WHY FREE MARKETS HAVE LITTLE TO DO WITH INEQUALITY
June 3, 2008
The nation with the lowest levels of poverty and income inequality in the European Union (EU), as well as the lowest rate of long-term unemployment, is Denmark -- a country with competitive product markets and some of the least restrictive labor laws. Countries with the worst social outcomes (Greece, Italy and Portugal) all have restrictive product and labor market laws. Liberalization, it seems, no more threatens social justice than regulation guarantees it, says Philip Whyte, a senior research fellow at the Centre for European Reform.

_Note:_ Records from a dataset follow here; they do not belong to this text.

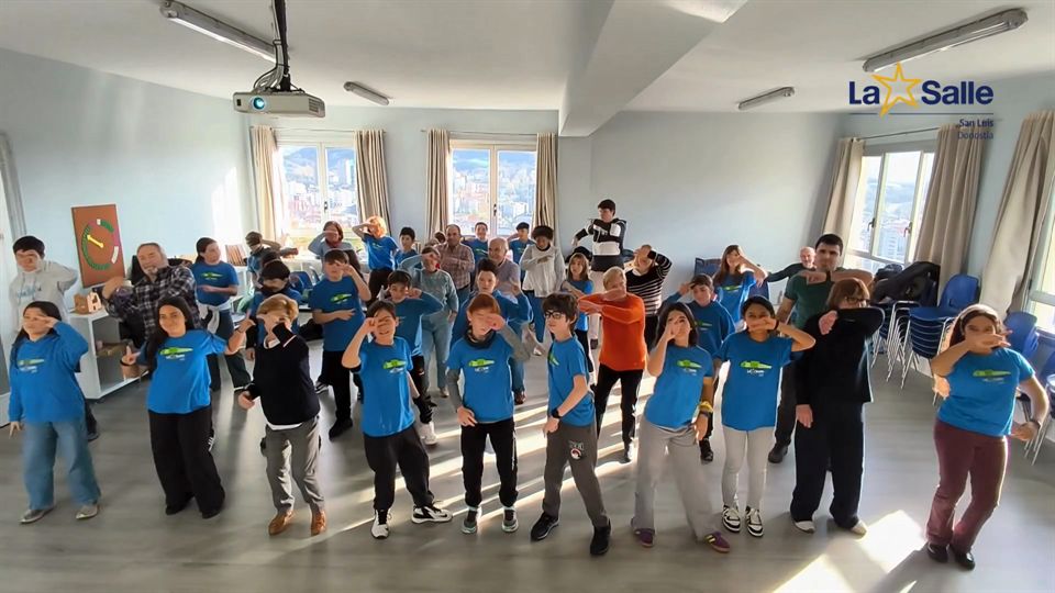 Alumnos de 6º de primaria del colegio La Salle San Luis de Donostia bailan "Euskal Rock n'roll" junto a sus abuelos y abuelas, uniendose al reto solidari de EITB Maratoia.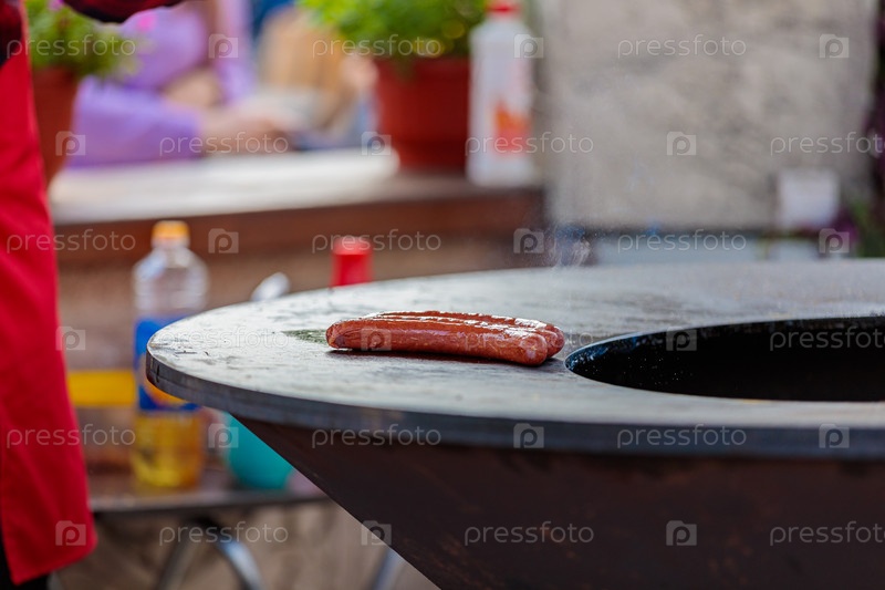Две сосиски разогреваются на круглой печи в уличном кафе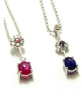 Bスウィングネックレス (写真左)ルビー、サファイヤ、ダイヤモンドをちりばめたネックレス(220US$)。コーディネートのしやすさが魅力。(写真右)サファイヤ&ダイヤのネックレス(200US$)は、シックに楽しみたい1本。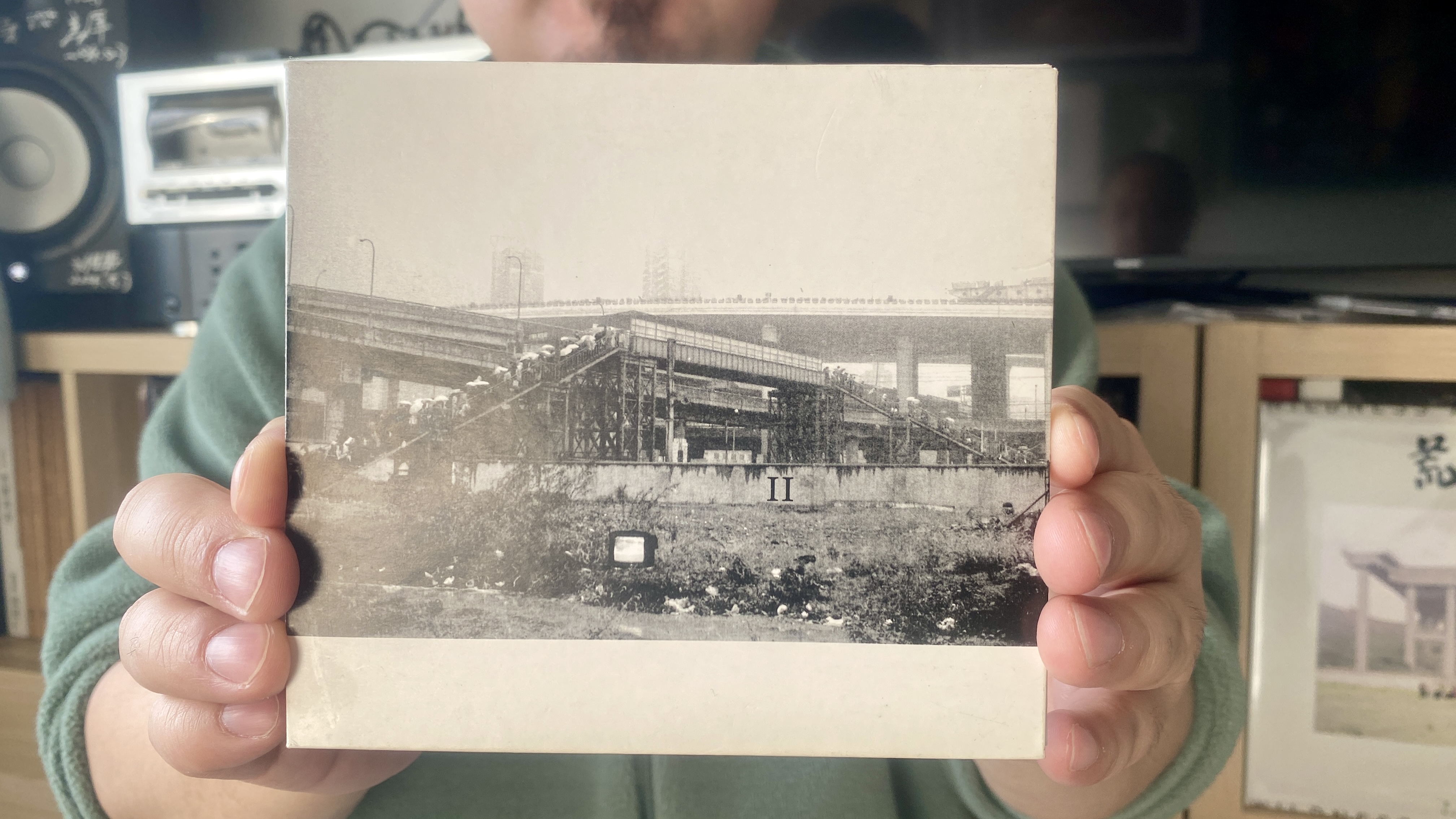 我们随便聊了两句。然后我参观了他的便携式裁纸刀。然后拿着他新做的陈维的唱片回工作室了。

The reason the Nordics and the Dutch have the most egalitarian outcomes is that they provide the best education. The correlation between educational and social outcomes across the European Union is striking, says Whyte:
- People with low levels of attainment at secondary education are most exposed to the risk of poverty.
- Moreover, the more educated people are, the more likely they are to work.
- The employment rate for Europeans with tertiary education is 80 percent, whereas it is just 50 percent for those who fail to complete their secondary education.
What makes Nordic education systems special?
- Partly, it is quality: 15-year-olds in northern Europe have higher literacy and numeracy levels than those in southern Europe.
- But the length of schooling is equally important; in Denmark, Finland and Sweden, 90 per cent of 25- to 34-year-olds have completed upper secondary education -- and 40 percent have gone on to obtain tertiary qualifications.
- In Portugal, the respective figures are 43 percent and 19 percent, while in Greece they are 57 per cent and 25 percent.